Paul Goble
Staunton,
February 5 – Ever more frequently many in Russia are talking about doing away
with the non-Russian republics as a form of state organization; and Shamil
Sabirov says there are ten major factors working against their survival. But
others, non-Russian and Russian, want them to survive and are seeking ways to
make that happen.
Sabirov,
a commentator for Radio Svoboda’s IdelReal portal, points to ten factors that
he suggests point toward the end of the national republics (idelreal.org/a/rustam-minnikhanov-putin-ramzan-kadyrov/29750328.html). They include:
1.
“Public
opinion and the media on the whole are inclined against the existence of the
republics. The associations are simple: republics are part of the
disintegration of the USSR, a heritage of Yeltsin’s ‘take as much sovereignty
as you want,’ ethnocracy, the image of Ramzan Kadyrov, a lack of respect to the
rights of ethnic Russians, separatist attitudes, and a threat to the national
security of Russia and the Russian world.” Moreover, the voices of opponents of
the republics are sounding ever more loudly, and 80 percent of the Russian
population now lives outside of them.”
2.
The
leadership of the Russian government connects republics with an evil they must
address. Putin for example views them “as a bomb placed by the Bolsheviks under
the foundation of the state and as an historic error of Lenin.”
3.
The
republics themselves have ceased to be the important political force they were
in the early 1990s” and today “not a single political party or movement is
concerned about the preservation of the republics.”
4.
Calls
to amend the constitution to do away with the republics are increasingly coming
not from “freak politicians” but from mainstream ones.
5.
Given
Russia’s increasing isolation, Moscow “ever more ignores international law, the
opinion of the international community and of major national diasporas (the
Circassian, the Chechen, the Tatar and the Finno-Ugrics) on the nationality
question.”
6.
The
logic of the Kremlin’s nationality policies which are directed at the creation of
“an all-Russian civic identity and opposition to republic identity” and at “recognition
of the primacy of the Russian cultural code” works against the continuing
existence of the republics. And that is only intensified by the activism of ethnic
Russians within the republics.
7.
Ever
more people in Moscow are coming out in favor of alternative organizational
structures such as urban agglomerations or amalgamated federal subjects.”
8.
Many
of the republics have serious problems and rank near the bottom of all federal
subjects on social and economic measures.
9.
“In
nine republics (Karelia, Khakassia, Mordvinia, Mari El, Chuvashia, Udmurtia,
Komi, Altai, and also annexed Crimea), the nationality factor is so weak that
the absolute majority of the local population most likely will not oppose the
liquidation of republics.”
10.
The
elites of the non-Russian republics are operating under extreme constraints. “Therefore,
the liquidation of the republics could take place with their silent agreement”

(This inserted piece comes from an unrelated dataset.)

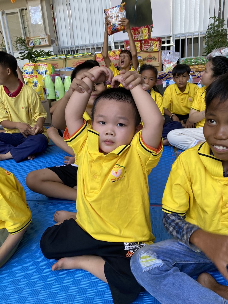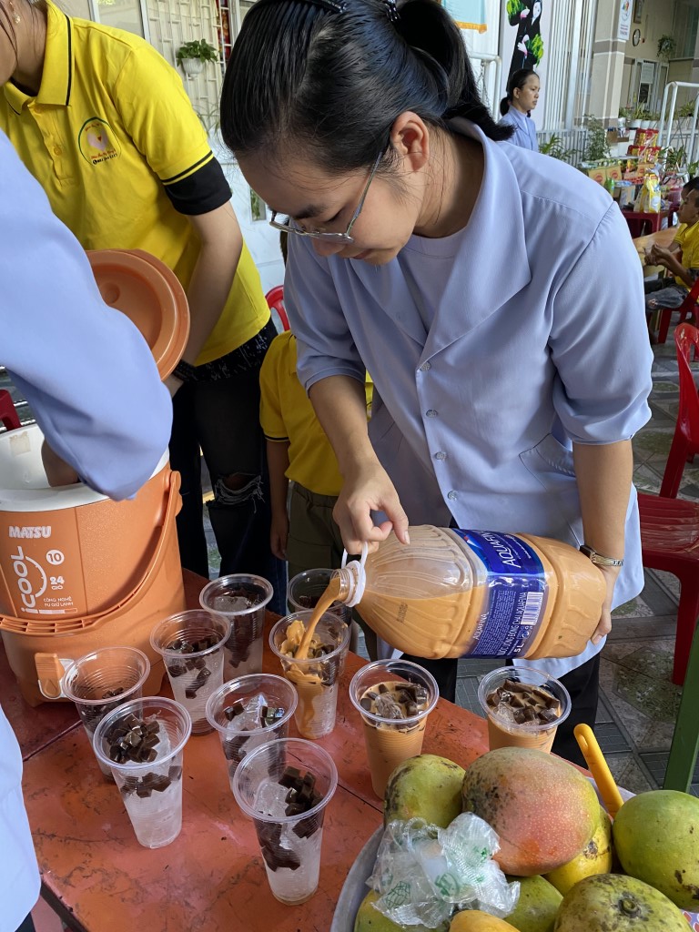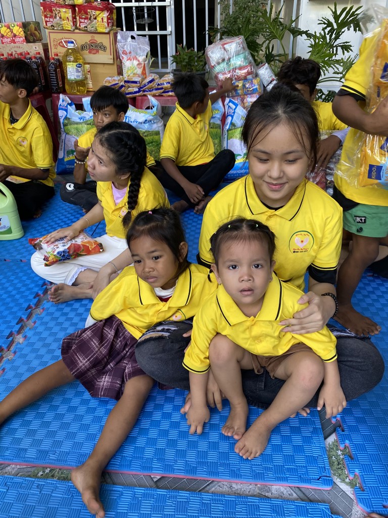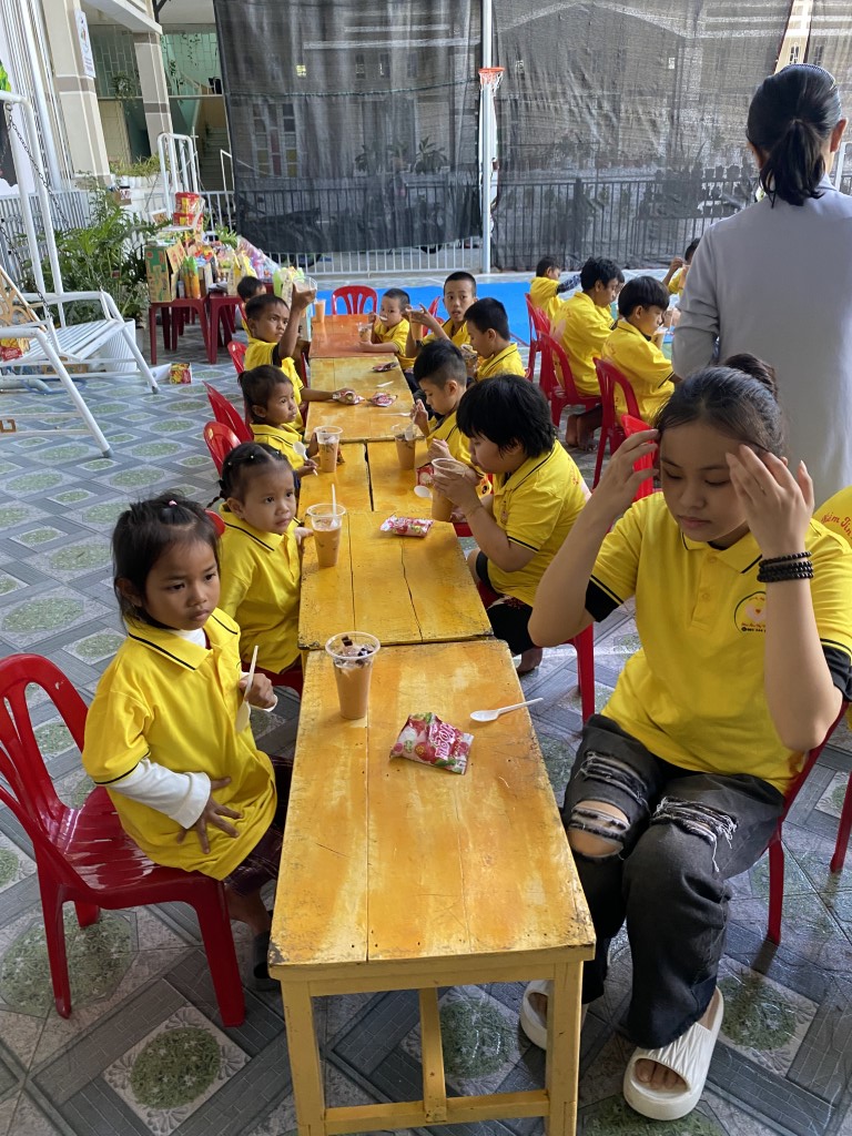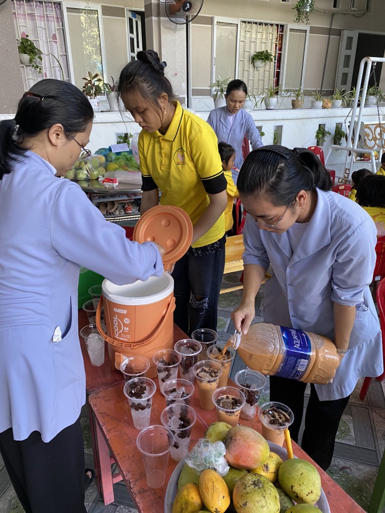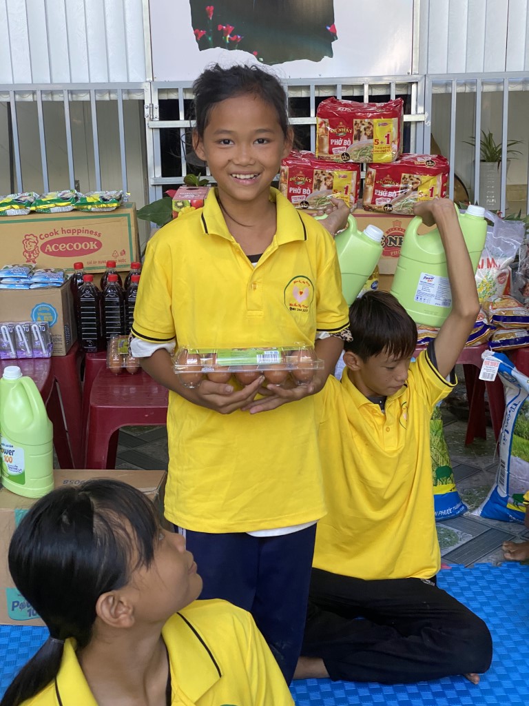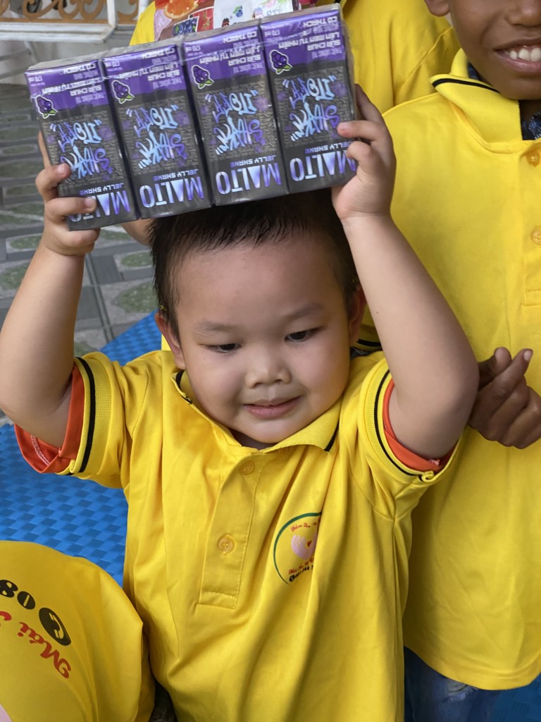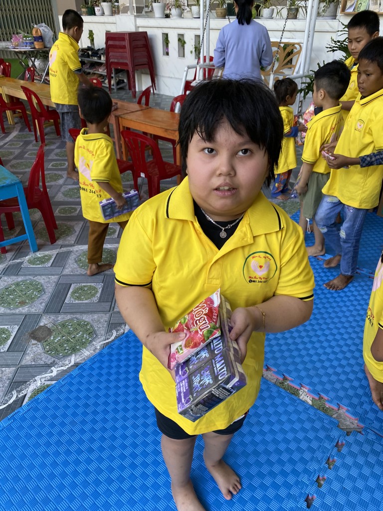 Upon arrival, we were warmly greeted by the children happily playing in the courtyard. Our team unloaded everything, including bags of rice, milk, noodles, fish sauce, sweet rice, eggs, lots of snacks, floor soap, dish soap, and insect spray. To add to the fun, we even prepared boba tea drinks for everyone. It was truly a wonderful day!

given that for them “personal salvation is more likely to be more important to
them than national ideals.”
Many non-Russians would challenge most or all of these,
and many Russians concerned either with accuracy or with ensuring that there are
some counterweights left in the Russian political system to restrict the impact
of the hyper-centralization of the Russian system under Vladimir Putin on the rights
of Russians and non-Russians alike.
Many people are likely to respond to Sabirov’s important
article in the coming days. But likely to be among the most thoughtful of all
is one that has appeared only a few hours after the Tatar writer’s. That comes
from the editor of the Tallinn-based regional site, Vadim Shtepa (region.expert/republics/).
He points out that Sabirov’s arguments are based on
certain “stereotypes,” including that the republics must inevitably be non-Russian
ethnic formations” and that the Russian world must be “united and unitary”
rather than diverse, both of which ignore that many Russian regions have sought
republic status in order to equalize their standing in the country.
“However,” Shtepa says, “the Kremlin has constantly
opposed this,” and as a result, “at the beginning of the 2000s, it was not the oblasts
which rose to the status of republics, but the reverse: the republics fell to
the status of oblasts,” equal in their lack of rights. But that is not necessarily
something that cannot be changed.
Today, the regionalist writer suggests, the
republics and those who support them “could make an effective and unexpected ‘knight’s
move.’ They must support the ethnic Russian regionalists, who are seeking republic
status for their oblasts and jointly demand republic status for all subjects of
the federation.”
That would lead to a symmetric federalism like those
in the US and Germany and would require a treaty-like agreement among the
subjects about the kind of country they and not the Kremlin would like to see.
And that in turn, Shtepa makes clear, would open the way not just to greater
ethnic rights but to rights and freedoms of all kinds.